Но даже теперь в Петербурге еще жива его сердцевина. Капля ртути расчленяется на отдельные шарики и крупинки, ртутные шарики скользят по столу и вдруг, скатившись в один угол, влипают друг в друга, снова образуя первоначальную каплю. Так блуждают по питерским пустеющим улицам, иногда сходясь вместе, историки и поэты, писатели, философы и художники, искусствоведы и критики, музейщики, книжники и театралы, в сопровождении учеников и соглядатаев — ядро, сердцевина Петербурга, окружённая кольцом митингующих фабричных окраин и замешанная безликим сплавом горожан, маски которых стёрты страхом и лишениями. Гений продрогшего, оскудевшего города еще парит на подбитых крылах — над скелетами домов, над чугунными призраками памятников, над туманом лондонского Сити.

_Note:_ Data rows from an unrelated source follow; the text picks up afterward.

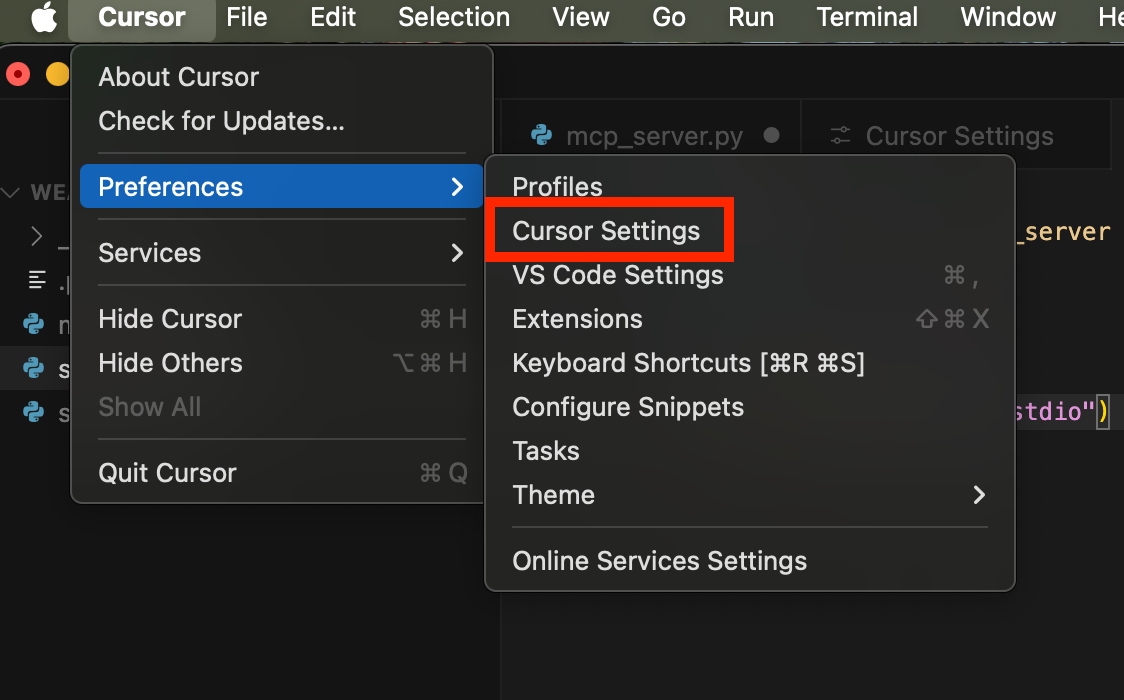 Curser AI의 MCP 설정으로 접근합니다.
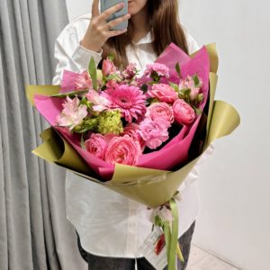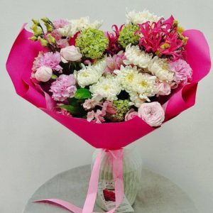 Готовый букет 40/50 см | Хризантема, альстромерия, диантусы | Доставка 30 мин
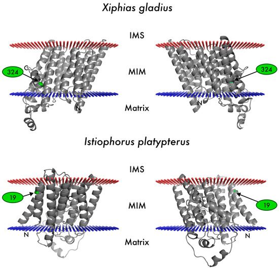 Mapping of the positively selected amino acid residues (indicated in green) in the 3-dimensional obtained models for swordfish Xiphias gladius and Istiophorus platypterus ND2 protein. MIM, mitochondrial inner membrane; IMS, intermembrane space; N, amino-terminal tail; C, carboxy-terminal tail. Numbers and arrows indicate codon positions.
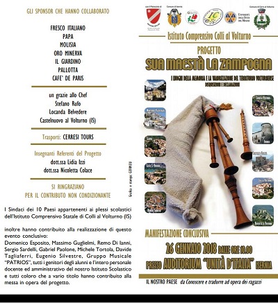 La conclusione del secondo atto “Sua maestà la zampogna” si avvicina … con il patrocinio della Presidenza del Consiglio Regionale grazie al Presidente Vincenzo Cotugno, dell’USR, grazie ad Anna Paola Sabatini, dell’UNIMOL, del Lions Club , del Rotary Club,della città di Benevento, e soprattutto dei dieci comuni del nostro Istituto: tutti hanno dovuto impiegare grandi energie, dalla Dirigente dalle docenti referenti a tutto il personale scolastico e amministrativo, agli amministratori e ovviamente agli alunni e ai genitori sempre pienamente collaborativi.
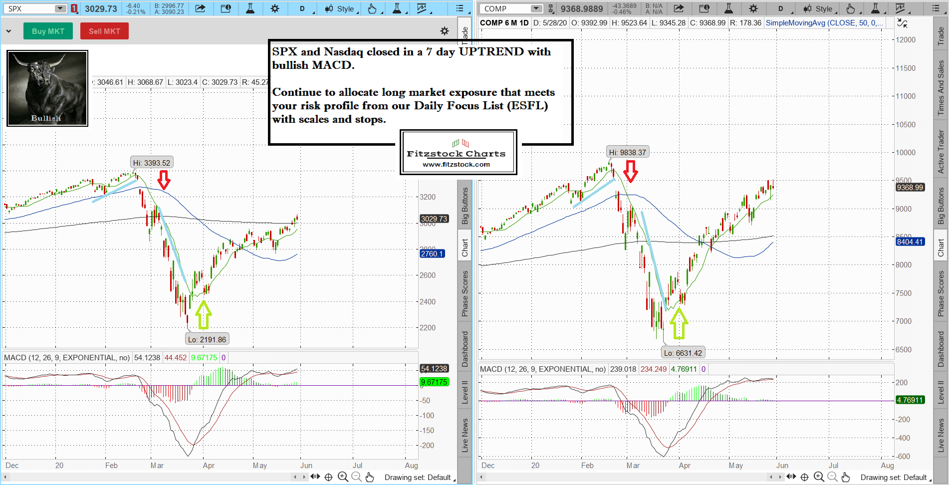 Stock Market technical analysis with the best stock charts in the industry.- Fitzstock Charts closing notes. 5/28/20
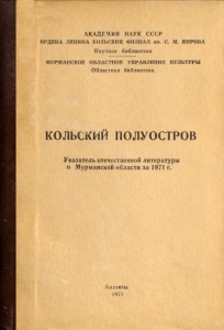 Кольский полуостров : указатель отечественной литературы о Мурманской области за 1971 г. / Акад. наук. СССР, Кол. фил. им. С. М. Кирова, Науч. б-ка, Мурм. обл. упр. культуры, Обл. б-ка ; сост.: М. Т. Беспалова [и др.]. - Апатиты : [б. и.], 1973. - 307 с.

Блуждают бесцельно и вдохновенно, а по ночам записывают в дневники — раздумья и встречи своих блужданий. Само собой разумеется, по целому ряду причин дневники эти долгие годы останутся неопубликованными. Но когда, наконец, они увидят свет, читатели с удивлением отыщут там нежные и трогательные страницы, посвящённые Нусе Струковой, так как составители дневников часто заходили во время скитаний в ее маленькую квартирку, которую все называли гарсоньеркой. О Нусе пишут с лаской и любовью, как пишут о детях; память о ней сохранится незачернённой в истории неповторимых петербургских лет. В тишине своей гарсоньерки Нуся позировала художникам, открывая розовое, почти девичье тело и мирно беседуя о пайках; поэты читали ей вновь сочинённые стихи, и Нуся простодушно смеялась, уверяя, что ничего не понимает в поэзии и любит «Парус» Лермонтова. Нуся садилась на колени к седому, страдающему одышкой очкастому историку и, целуя его в небритую щеку, расспрашивала о Распутине и о Шарлотте Кордэ, причём нередко, слушая рассказ, начинала дремать, опустив голову на плечо историка, бережно прижимавшего Нусю к себе, как дедушка внучку. Книжники толковали ей о преимуществах первого издания над последующими — Нуся охотно соглашалась, не ища возражений. Театралы, размахивая руками, говорили о новых формах сценической площадки, о преодолении рампы и занавеса, о Гордоне Креге и Адольфе Аппиа — Нуся отвечала, что с тех пор, как уничтожили петербургскую оперетку, театр для неё — не существует. Музейщиков и философов Нуся совсем не слушала, обращаясь к ним так: «мои милые гробокопатели» или «товарищи романогерманисты»... У Нуси Струковой были любовники, но были они из числа тех, кому некогда заниматься скитанием и думать о составлении дневников.

17
Нуся Гаврилова за два года до революции, не окончив Смольного института, пепиньеркой вышла замуж за морского офицера Струкова. Выходя замуж, она уже не была невинна, как и большинство ее одноклассниц, за исключением Гали Латунской, Шуры Степной и самой богатой воспитанницы в институте, Леки Бауэрмейстер (в военные годы — Плотниковой). Над Галей и Шурой подруги подтрунивали открыто, над Лекой — тайно, так как ореол богатства, парная карета, приезжавшая за ней по субботам и впоследствии заменённая бенцевским лимузином, представлявшим собою помесь той же парной кареты с железнодорожным вагоном 40-х годов, ежедневные коробки с шоколадом и засахаренными фруктами, поездки за границу и балы с дирижёром танцев из императорского балета и струнным оркестром, дававшиеся в доме Бауэрмейстер, — ставили Леку в исключительное положение среди ее подруг: в институте она держалась высокомерно и недоступно, получала лучшие отметки и часто завтракала у начальницы, а приглашая к себе по праздникам институток, обращалась с ними как с бедными родственницами, принимая от них преданную услужливость и обожание. Подруги называли Леку Бауэрмейстер «княжной Джавахой».
Девичья невинность считалась среди пепиньерок признаком отсталости, а во время войны, когда столько офицеров нуждалось в женском участии и наградах за страдания на фронте, — клеймом непатриотичности. Лека Бауэрмейстер — другое дело: она стояла выше человеческих страстей и, конечно, выше войны. Она берегла свою девственность как драгоценность, недосягаемую для смертных; ее жених будет существом почти неземным или, по крайней мере, обладателем замка на Рейне.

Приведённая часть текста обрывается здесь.